Playing to WIN! -How I improve my game of Golf...! And maybe(?).. Your's ?:)


This is not rocket science but something I have learnt over the span of my life to improve my game and compete better - with myself!:) I thought I'd share a few things that I believe are useful to most of us, but mostly this is aimed at the medium golfer, man or woman.

Let me just start by telling that my first steps, literally were taken on the Bandung Golf & Country Club (Indonesia), and I was less than 9 months old, but within my 5th year I was playing at home in Sweden in Sodertalje, going with my parents and when getting tired and having exhausted my strokes, I rode on my parents bags till the next hole. I averaged 20-25 meters.

There are a number small secrets to succeed - one of them is to not have an argument or too exciting things in the morning before going there to play, or to play competition for that matter. The risk is that you will carry that with you throughout the round and at the vital moment when addressing the ball, lose rythm and probably look up as you hit it, causing the ball to go to your right and probably losing not only that shot, but most likely the next and even the following one if you end up 'out-of-bounds', or in a water hazard, not to mention the woods or in some very tough ruff! Make sure instead to arrive well in advance so you have time to unload, off-load the equipment, put your golf shoes on and adjust you clothes:).

My next is then to go to the driving range, pick up the 30-60 training balls (they fly shorter than the regular ones with up to 30 yards), time depending and set about working your set. But just before that I do a bit of stretching - working my hips (like the best disco dancer!!:), waving my arms, bending my knees up and down and usually panting heavy until the organs are in tune. Once this part done, however, the first to do is to build confidence. -Thus don't start with the driver (Wood 1) that some clots seem to be teaching these days, but an Iron 7 which has a decent loft and is easy to follow through with! -Having done my 3-5 strokes, 140-metre-shots with that, I proceed downwards in numbers for every uneven number with the Iron 5, then the 3 before trying upwards with my Iron 4, 6, 8, 10 (wedge for some) and Sand Iron - because as I get to this last one, I have warmed up enough to secure a good hit. 110+ metres later we know if we did. Of course we did! And in the summer of 2014, on an unknown course after my short warm-up I went up to the first tee, noticed the waterhole, the bunkers but focused on getting to the flag (and only!). With a Sand Iron I then tee:ed off, missing the hole with just 12 centimetres, coming to rest in a straight line to stop just behind. Puh! I was shocked and my customer and host - equally so! (I actually had 2 more near-misses for Eagle later, hitting the poles on both occasions - it was just amazing!).
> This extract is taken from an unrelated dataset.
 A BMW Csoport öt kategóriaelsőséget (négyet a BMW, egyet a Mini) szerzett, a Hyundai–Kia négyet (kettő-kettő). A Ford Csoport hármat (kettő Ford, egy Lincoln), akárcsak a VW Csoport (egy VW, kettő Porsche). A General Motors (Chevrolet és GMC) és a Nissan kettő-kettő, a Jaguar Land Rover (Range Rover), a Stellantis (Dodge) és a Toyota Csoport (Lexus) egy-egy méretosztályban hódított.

The next I do is taking on the might of the Large One - my 9-degree Driver, metal wood, Blue....! In these early hours and even let's say first two weeks I struggle to go the 210-230 metres on a good tee shot. However, once I warm up and the summer to me, my timing perfections and my best shots climb to the 250 or so metres...and I really have to pace myself so I don't hit the flight ahead. Because that's a sin, if not worse!:). However, if you can play alone while you are re-learning from the previous season - then you can go all out getting the timing, the knee and hip-movements synchronized, the arms, shoulder-movement and your HEAD glued to the ball from pulling your arms back to coming down, moving over your hands and starting to twist your wrist over, still with your head glued, your shoulders and you start to lift and when you reach the top, ONLY THEN can you afford to look for where the ball went! - -Having done what I just said - it should have followed a straight line and your position for the next be excellent! :) .
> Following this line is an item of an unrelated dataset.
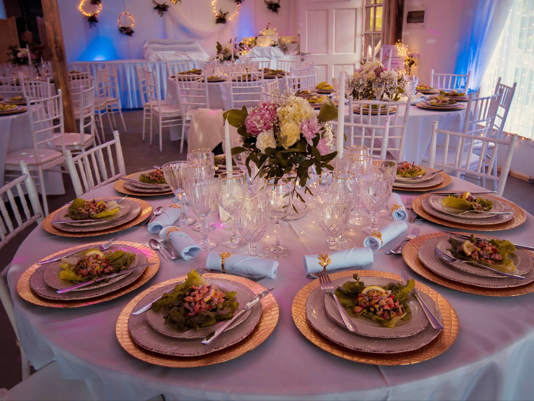 Los servicios que tenemos disponible incluyen banquetería, coctelería, decoración interior y exterior, y arriendos de Combi Bar y carpa techada.

Having then made your 'workout' going through what remains, the Rescue, the Brassy (no.2 if you're lucky ot have one) or the Brassy (no.3) for either tee shots when a beginner until you master the Driver, or for playing fairways and ruffs, you can now withdraw having spent your 35-45 minutes to the Putting-green or why not Pitching ditto? -I usually do.
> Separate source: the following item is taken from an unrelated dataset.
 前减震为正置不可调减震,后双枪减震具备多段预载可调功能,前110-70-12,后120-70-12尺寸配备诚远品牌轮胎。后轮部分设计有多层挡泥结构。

On the Putting green, just as when starting to drive your first practise strokes, it's important to build confidence. I usually unpack 4-5 balls and go where I can work on one hole or two three and work them the ball from a fair distance of 4-5 metres, which very much reflects where I am in most situation and start putting them to the hole. I always am thorough on keeping my head down, the ball in mid position under my nose, slightly to the forward side and make sure my right foot is slight kept back for stability. I have noticed I putt better and more accurate doing this, whereas too much left foot the ball may go to my left and not 'IN' the hole. It is also important to get the ball rotating so it sucks itself into the hole, and how you stand and of course hit, determines largely, your result. Most likely not in the hole with all but hopefully one, I then finish them off by putting the ball closest to the hole, downing it and then working my way out from the centre until the furthest. THIS is critical to building self confidence, going for the easiest first and working your way out. Having then done this for some 20-40 minutes, from different angles and lengths, slopes and what's time to move on.

I then go for pitching and as my Iron 7 is something of a favourite as it saves me so many long putts, I start working off from the foregreen just before the green proper. It doesn't take more than a few minutes and then I am in and start in fact downing many of the balls or make near-misses! This is another 20-30 minutes or and I change for the Iron 8 as this behaves, or rather the ball behaves diferently and often has that much wanted back spin that stops it rolling ro far, or worse even - off!:( Combining these here is were my Bogey becomes a par or I set myself up for a Birdie!:) . Eagles, I don't accomplish by putting, but at long distance shots of 140 metres or more not to mention my near-miss Albatross, but that was another story (Par 5, Agesta Golf, from the ruff, Wood 4 200+ metres up-hill to a plateau) the then hole no.8/18).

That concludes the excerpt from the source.